Comme tous les secteurs industriels, l’automobile est à l’arrêt depuis le début du confinement. Toutes les concessions sont fermées et le marché français a reculé de près de 90 % en avril ; les usines commencent à peine à redémarrer dans quelques pays déjà déconfinés (Suède, Slovaquie, Chine) et la crise économique historique qui suivra la crise sanitaire du coronavirus ne va pas donner envie d’acheter une voiture neuve. Si on était dans Auto Plus, on dirait bien que l’industrie de la voiture individuelle s’est arrêtée au frein à main au bord du précipice, avec les deux roues avant qui patinent dans le vide. Alors, déjà, les différents représentants du secteur s’agitent, à Bruxelles comme à Paris, pour demander de l’aide aux autorités. Des prêts, un coup de pouce à la consommation… En France, cela passera par un plan de relance qui doit être présenté à la mi-mai.

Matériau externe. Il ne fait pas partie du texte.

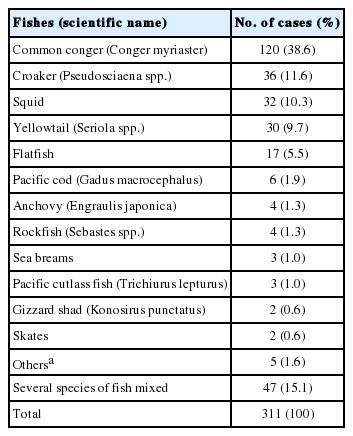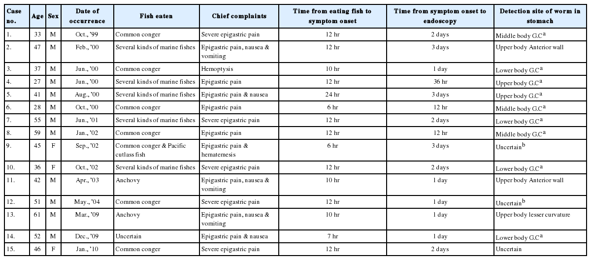 Warning: fwrite() expects parameter 1 to be resource, boolean given in /home/virtual/lib/view_data.php on line 84 Anisakiasis: Report of 15 Gastric Cases Caused by Anisakis Type I Larvae and a Brief Review of Korean Anisakiasis Cases
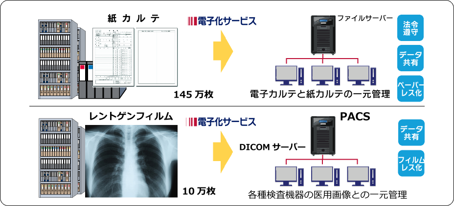 富士マイクロ電子化サービスにて、死亡/入院/外来(アクティブ)各カルテ140万枚を電子化。レントゲン10万枚の電子化。PACSサーバにて運用。

Et chaque fois, un risque plane : que le soutien à ce secteur central de l’économie se fasse aux dépens de la grande transformation de l’automobile enclenchée au sein de l’Union européenne, qui exige depuis janvier que chaque constructeur réduise les émissions en CO2 de ses véhicules individuels pour atteindre la barre des 95 grammes pour chaque kilomètre parcouru (lire l’épisode 4, « En 2021, le SUV va se prendre un mur »). Le 25 mars, l’European Automobile Manufacturers’ Association (ACEA), qui rassemble tous les grands constructeurs de voitures, de camions et de motos, a ainsi adressé une lettre à la présidente de la Commission européenne, Ursula von der Leyen, pour demander des « ajustements » au calendrier des objectifs européens de réduction des émissions. « Aucune production, développement ou test ne peut avoir lieu en ce moment. Cela bouleverse les plans que nous avions élaborés pour nous préparer à nous conformer aux lois et règlements européens (…) dans les délais applicables », explique ce courrier. Du bon vieux lobbying, quoi : tout ce que les observateurs attendaient de la part d’une industrie qui n’avait pas vraiment envie de chercher un avenir à la voiture à essence et a tout tenté pour réduire les exigences européennes en matière d’émissions de gaz à effet de serre. Tout cela alors que les transports terrestres sont responsables de près de 30 % des émissions totales de CO2 de l’Union et que les voitures individuelles comptent pour 60,7 % d’entre elles sur le continent, selon les données de la Commission européenne.
Nous avons investi (…) des sommes colossales pour le développement de nos véhicules électrifiés pour nous conformer aux nouvelles normes. Si on devait remettre en cause l’objectif de 95 g, ce serait sans doute une lourde erreur parce que tous ces investissements ne pourraient pas se traduire en ventes.
Cette lettre, « c’était ce qu’on attendait, ça n’a pas été une surprise », s’amuse Saul Lopez, qui est chargé des mobilités électriques pour Transport & Environment, la principale fédération d’ONG du secteur à Bruxelles.